*Problem description:* Print the listing from its top line through the line containing "əldə edə bilərsiniz.", nothing more, and leave out the pictures.

**** Entries provided

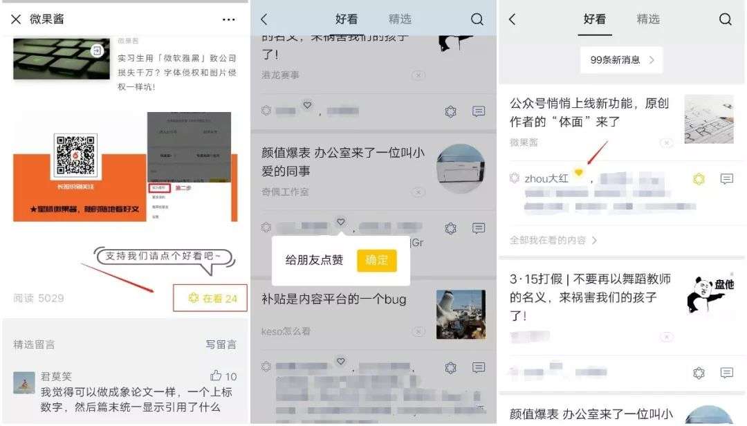 • 2019年3月14日,点赞图标“好看”变成了“在看”;
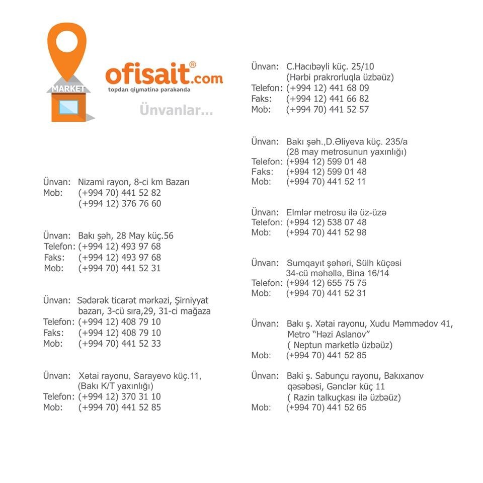 Artıq "Ofisait" mağazaları Bakının bir çox nöqtəsində fəaliyyət göstərdiyindən küçə ticarətçilərindən keyfiyyətsiz məktəb ləvazimatları alamağa ehtiyac yoxdur. Həm pulunuza, həm də vaxtınıza qənaət edərək məktəbli ləvazimatlarını topdansatış qiymətlərinə pərakəndə əldə edə bilərsiniz.
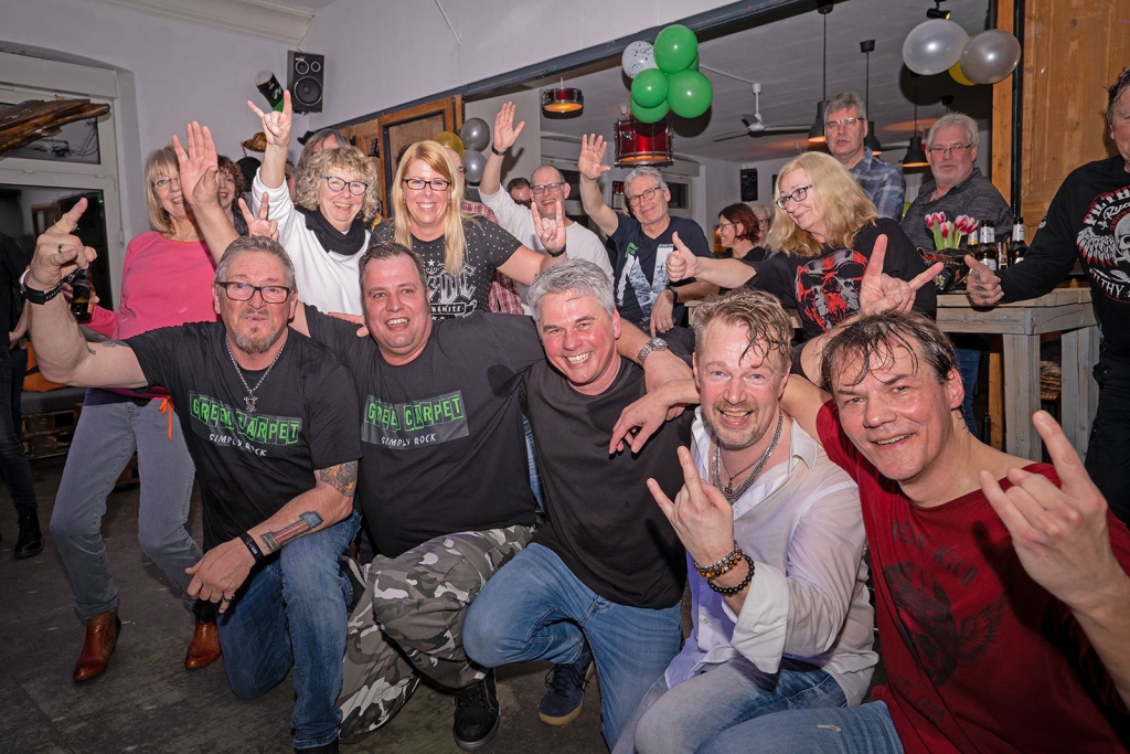 Sie übergaben die Bühne nach 13 Titeln an gute Bekannte. „Green Carpet“, schon mehrmals im Culucu zu Gast, traten mit neuem Programm und neuer Besetzung an. Am Schlagzeug ein gewisser Sander Stoel, am Bass Jörg Zampietro, beide sind oder waren erfahrene Musiker in diversen Bands. Gewohnt routiniert präsentierte Green Carpet die neue Setlist (Foo Fighters, ZZ Top, Aerosmith, Bon Jovi, Oasis, Cranberries, U2 u.a) und hielten das Publikum weiter bei bester Laune.
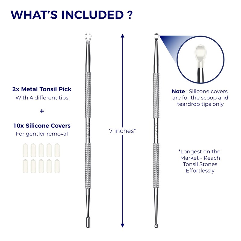 - The Ultimate Tonsil Stone Remover Tool: Struggling with bad breath and throat discomfort? The ORAVIX metal tonsil stone pick makes tonsil stone removal easy, safe and effective. With two 7’’ picks and 4 different tips, they reach deep to tackle even the most stubborn stones.
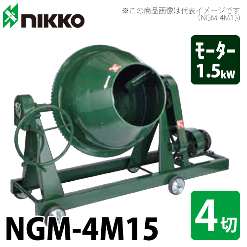 トンボ工業 (配送先法人様限定) 電動コンクリートミキサー NGM-4M15 110L(4切) モーター:三相200V×1.5kw×4P 車輪付き グリーンミキサー
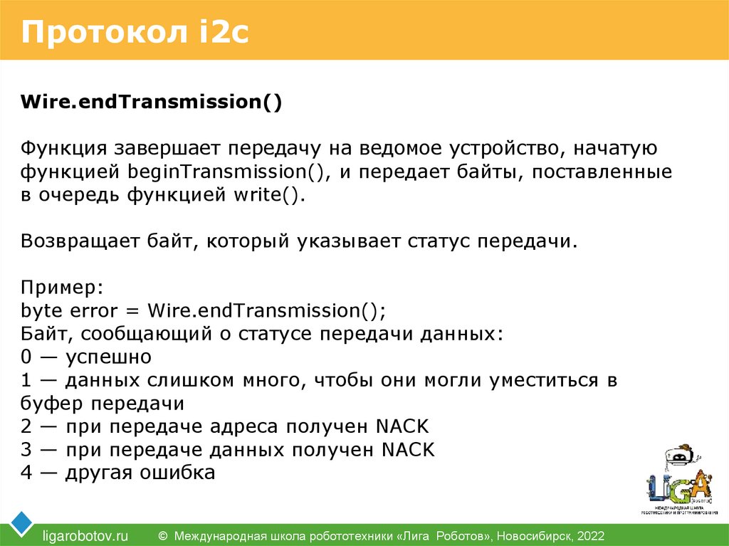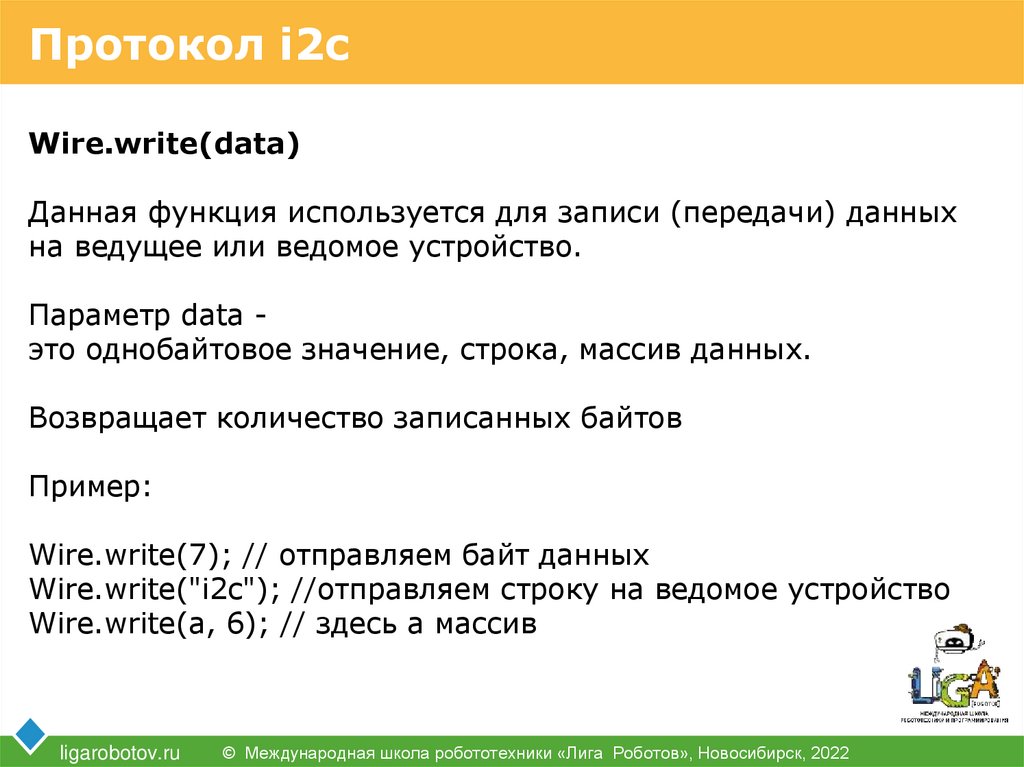 Wire.write("i2c"); //отправляем строку на ведомое устройство
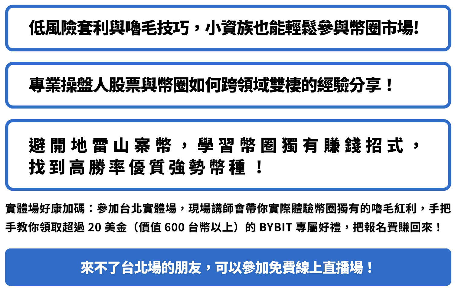 👉 實體場好康加碼:參加台北實體場,現場講師會帶你實際體驗幣圈獨有的嚕毛紅利,手把手教你領取超過 20 美金(價值 600 台幣以上)的 Bybit 專屬好禮,把學費賺回來!

********

*Finished task:*
 • 2019年3月14日,点赞图标“好看”变成了“在看”;
 Artıq "Ofisait" mağazaları Bakının bir çox nöqtəsində fəaliyyət göstərdiyindən küçə ticarətçilərindən keyfiyyətsiz məktəb ləvazimatları alamağa ehtiyac yoxdur. Həm pulunuza, həm də vaxtınıza qənaət edərək məktəbli ləvazimatlarını topdansatış qiymətlərinə pərakəndə əldə edə bilərsiniz.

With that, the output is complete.